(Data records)
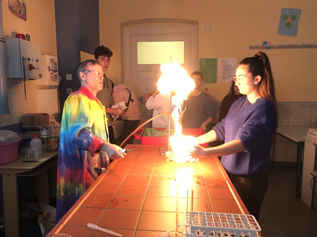Ayer miércoles seguimos con el planning de actividades previsto. Por un lado, los 3 primeros periodos nos dividimos en dos grupos y asistimos a prácticas de laboratorio con Mr. Brunet y Mr. Lewis , profesores de Biología y Química respectivamente en el LIS. Hemos trabajado con enzimas y con velocidades de reacción y como actividad extra ¡hemos experimentado el fuego en nuestras propias manos! Sin tiempo para descansar hemos tomado el tranvía y el bus para llegar a la factoría BMW de Leipzig, donde se nos ha recibido y acompañado durante una extensa visita guiada por sus impresionantes instalaciones. Hemos tenido la oportunidad de comprobar de primera mano el nivel de desarrollo tecnológico de la industria automovilística y el alto grado de robotización que ha alcanzado todo el proceso de producción de vehículos más modernos (concretamente los modelos eléctricos) desde las primeras etapas hasta que el vehículo llega al punto de venta. Además, se ha hecho hincapié en la importancia que tiene para la compañía la gestión sostenible de los recursos, orientando todos los procesos hacia una reducción cada vez mayor del consumo energético dentro de la planta. Cansados pero satisfechos con la experiencia, volvemos de vuelta al centro para reunirnos con el alumnado alemán. Allí, la escuela nos recibe con una merienda a base de pasteles y cafés para reponer energías y aprovechar al máximo nuestra última tarde en Leipzig.
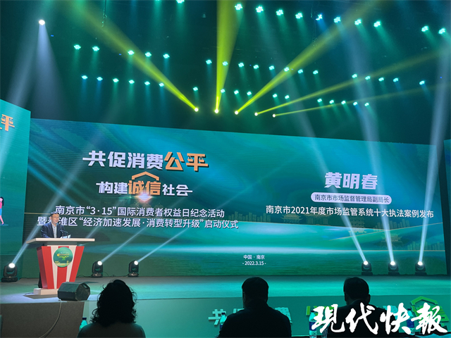 2022年3月15日,第40个“国际消费者权益日”,当天,南京市消协组织围绕中消协“共促消费公平”消费维权年主题,筹备了系列宣传、教育和服务类活动。现场,发布了2021年度南京市市场监管系统十大执法案例。
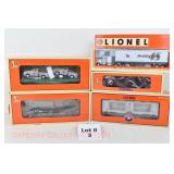 7 Modern Lionel New OB: St Louis RR Club: 52371 NYC Flat/Fire Engine #1 Tractor Trailer, 52392 Hood’s Milk Tractor Trailer/PRR Flat, 52258 UP Flat/UP Tractor Trailer, 52290 UP Flat/UP Tractor/Tanker Trailer
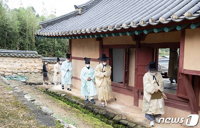 (구미=뉴스1) 정우용 기자 = 16일 열린 구미시 해평면 낙성리 김숙자(金叔滋)·김취성(金就成)·박운(朴雲)·김취문(金就文)· 고응척(高應陟) 등 5현의 위패가 봉안된 낙봉서원 추계향사에서 장세용 시장등 헌관들이 사당을 둘러보고 있다. 2021.10.16/뉴스1
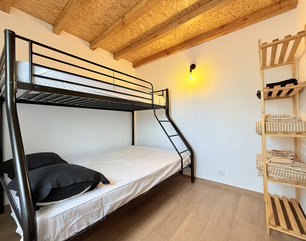 1 quarto com beliches (cama de casal e cama individual)
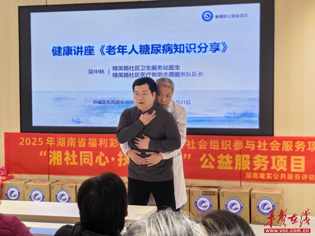 华声在线11月21日讯( 通讯员 吴青云 )11月21日,“湘社同心·扶老育幼”公益服务项目在长沙市开福区东风路街道精英路社区党群服务中心一楼会议室举办。本次活动聚焦老年人健康关爱,由开福区东风路街道精英路社区与湖南唯实公共服务评估中心联合主办,并得到了农工党长沙市开福区药业支部、开福区东风路街道社工站、精英路社区卫生服务站的支持。
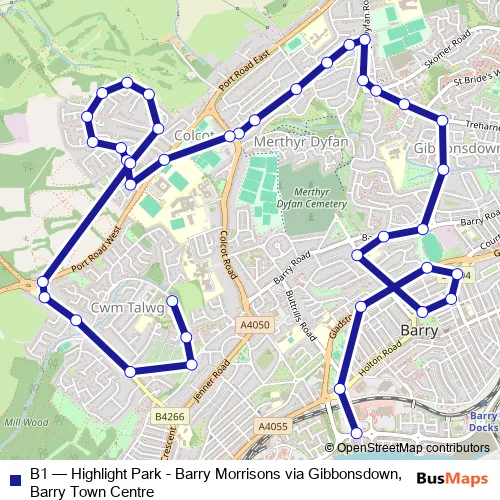 Click here to view the nearest B1 - Highlight Park - Barry Morrisons via Gibbonsdown, Barry Town Centre bus stop.
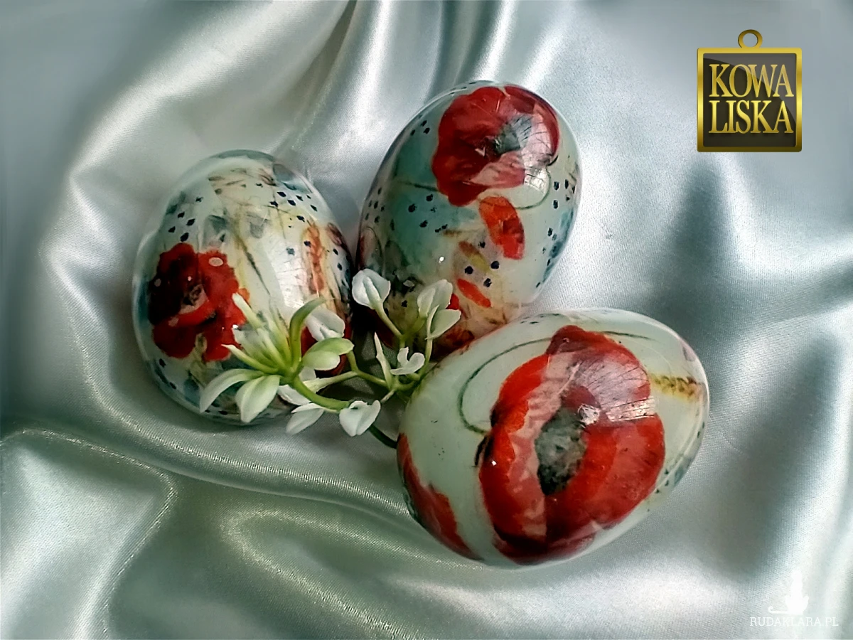 Trwałe pisanki wielkości jaj kurzych, zdobione metodą decoupage i zabezpieczone szklistą warstwą żywicy.
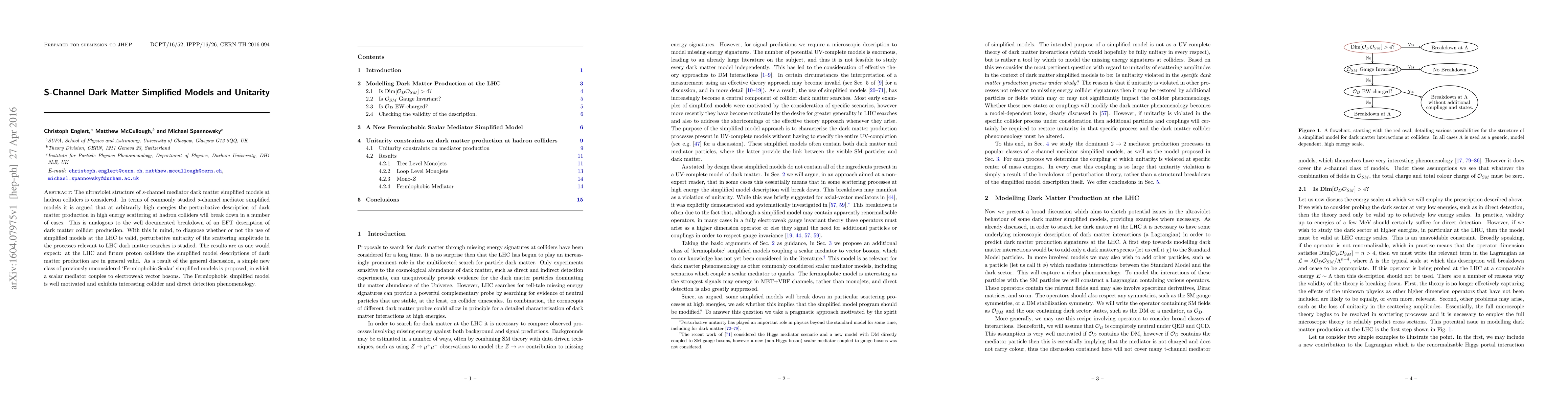 The ultraviolet structure of $s$-channel mediator dark matter simplified models at hadron colliders is considered. In terms of commonly studied $s$-channel mediator simplified models it is argued that at arbitrarily high energies the perturbative description of dark matter production in high energy scattering at hadron colliders will break down in a number of cases. This is analogous to the well documented breakdown of an EFT description of dark matter collider production. With this in mind, to diagnose whether or not the use of simplified models at the LHC is valid, perturbative unitarity of the scattering amplitude in the processes relevant to LHC dark matter searches is studied. The results are as one would expect: at the LHC and future proton colliders the simplified model descriptions of dark matter production are in general valid. As a result of the general discussion, a simple new class of previously unconsidered `Fermiophobic Scalar' simplified models is proposed, in which a scalar mediator couples to electroweak vector bosons. The Fermiophobic simplified model is well motivated and exhibits interesting collider and direct detection phenomenology.
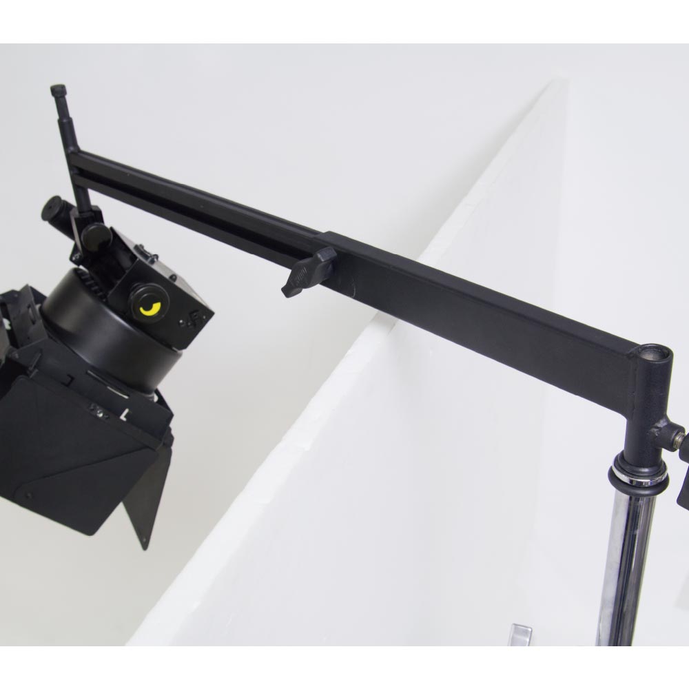 The baby adjustable offset arm extends from 19"-28." mounts on to most stands witha 5/8"-16mm mount. Two baby spigots allow for easy attaching of lights.
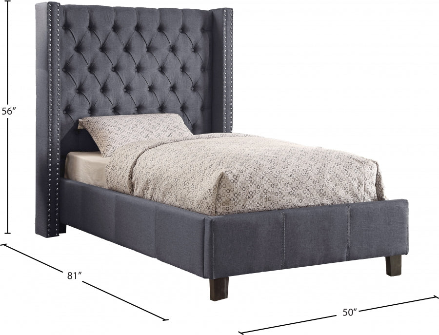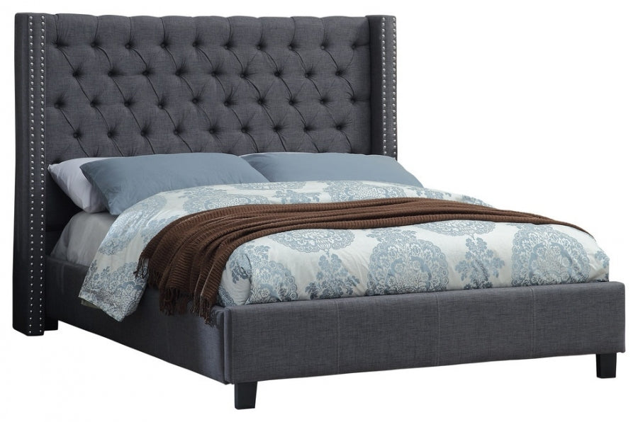 Élégant et accrocheur, le superbe lit Ashton de Meridian Furniture est le complément parfait à tout espace. Rich Linen recouvre la conception capitonnée profonde. Une belle conception de lit d'aile est complétée par des détails de tête de clou chromés appliqués à la main. La force et la beauté sont garanties avec un cadre et des pieds en bois massif.

Work instructions — Without the pictures, reproduce the entries exactly.

Exercise result —
Ayer miércoles seguimos con el planning de actividades previsto. Por un lado, los 3 primeros periodos nos dividimos en dos grupos y asistimos a prácticas de laboratorio con Mr. Brunet y Mr. Lewis , profesores de Biología y Química respectivamente en el LIS. Hemos trabajado con enzimas y con velocidades de reacción y como actividad extra ¡hemos experimentado el fuego en nuestras propias manos! Sin tiempo para descansar hemos tomado el tranvía y el bus para llegar a la factoría BMW de Leipzig, donde se nos ha recibido y acompañado durante una extensa visita guiada por sus impresionantes instalaciones. Hemos tenido la oportunidad de comprobar de primera mano el nivel de desarrollo tecnológico de la industria automovilística y el alto grado de robotización que ha alcanzado todo el proceso de producción de vehículos más modernos (concretamente los modelos eléctricos) desde las primeras etapas hasta que el vehículo llega al punto de venta. Además, se ha hecho hincapié en la importancia que tiene para la compañía la gestión sostenible de los recursos, orientando todos los procesos hacia una reducción cada vez mayor del consumo energético dentro de la planta. Cansados pero satisfechos con la experiencia, volvemos de vuelta al centro para reunirnos con el alumnado alemán. Allí, la escuela nos recibe con una merienda a base de pasteles y cafés para reponer energías y aprovechar al máximo nuestra última tarde en Leipzig.
 2022年3月15日,第40个“国际消费者权益日”,当天,南京市消协组织围绕中消协“共促消费公平”消费维权年主题,筹备了系列宣传、教育和服务类活动。现场,发布了2021年度南京市市场监管系统十大执法案例。
 7 Modern Lionel New OB: St Louis RR Club: 52371 NYC Flat/Fire Engine #1 Tractor Trailer, 52392 Hood’s Milk Tractor Trailer/PRR Flat, 52258 UP Flat/UP Tractor Trailer, 52290 UP Flat/UP Tractor/Tanker Trailer
 (구미=뉴스1) 정우용 기자 = 16일 열린 구미시 해평면 낙성리 김숙자(金叔滋)·김취성(金就成)·박운(朴雲)·김취문(金就文)· 고응척(高應陟) 등 5현의 위패가 봉안된 낙봉서원 추계향사에서 장세용 시장등 헌관들이 사당을 둘러보고 있다. 2021.10.16/뉴스1
 1 quarto com beliches (cama de casal e cama individual)
 华声在线11月21日讯( 通讯员 吴青云 )11月21日,“湘社同心·扶老育幼”公益服务项目在长沙市开福区东风路街道精英路社区党群服务中心一楼会议室举办。本次活动聚焦老年人健康关爱,由开福区东风路街道精英路社区与湖南唯实公共服务评估中心联合主办,并得到了农工党长沙市开福区药业支部、开福区东风路街道社工站、精英路社区卫生服务站的支持。
 Click here to view the nearest B1 - Highlight Park - Barry Morrisons via Gibbonsdown, Barry Town Centre bus stop.
 Trwałe pisanki wielkości jaj kurzych, zdobione metodą decoupage i zabezpieczone szklistą warstwą żywicy.
 The ultraviolet structure of $s$-channel mediator dark matter simplified models at hadron colliders is considered. In terms of commonly studied $s$-channel mediator simplified models it is argued that at arbitrarily high energies the perturbative description of dark matter production in high energy scattering at hadron colliders will break down in a number of cases. This is analogous to the well documented breakdown of an EFT description of dark matter collider production. With this in mind, to diagnose whether or not the use of simplified models at the LHC is valid, perturbative unitarity of the scattering amplitude in the processes relevant to LHC dark matter searches is studied. The results are as one would expect: at the LHC and future proton colliders the simplified model descriptions of dark matter production are in general valid. As a result of the general discussion, a simple new class of previously unconsidered `Fermiophobic Scalar' simplified models is proposed, in which a scalar mediator couples to electroweak vector bosons. The Fermiophobic simplified model is well motivated and exhibits interesting collider and direct detection phenomenology.
 The baby adjustable offset arm extends from 19"-28." mounts on to most stands witha 5/8"-16mm mount. Two baby spigots allow for easy attaching of lights.
 Élégant et accrocheur, le superbe lit Ashton de Meridian Furniture est le complément parfait à tout espace. Rich Linen recouvre la conception capitonnée profonde. Une belle conception de lit d'aile est complétée par des détails de tête de clou chromés appliqués à la main. La force et la beauté sont garanties avec un cadre et des pieds en bois massif.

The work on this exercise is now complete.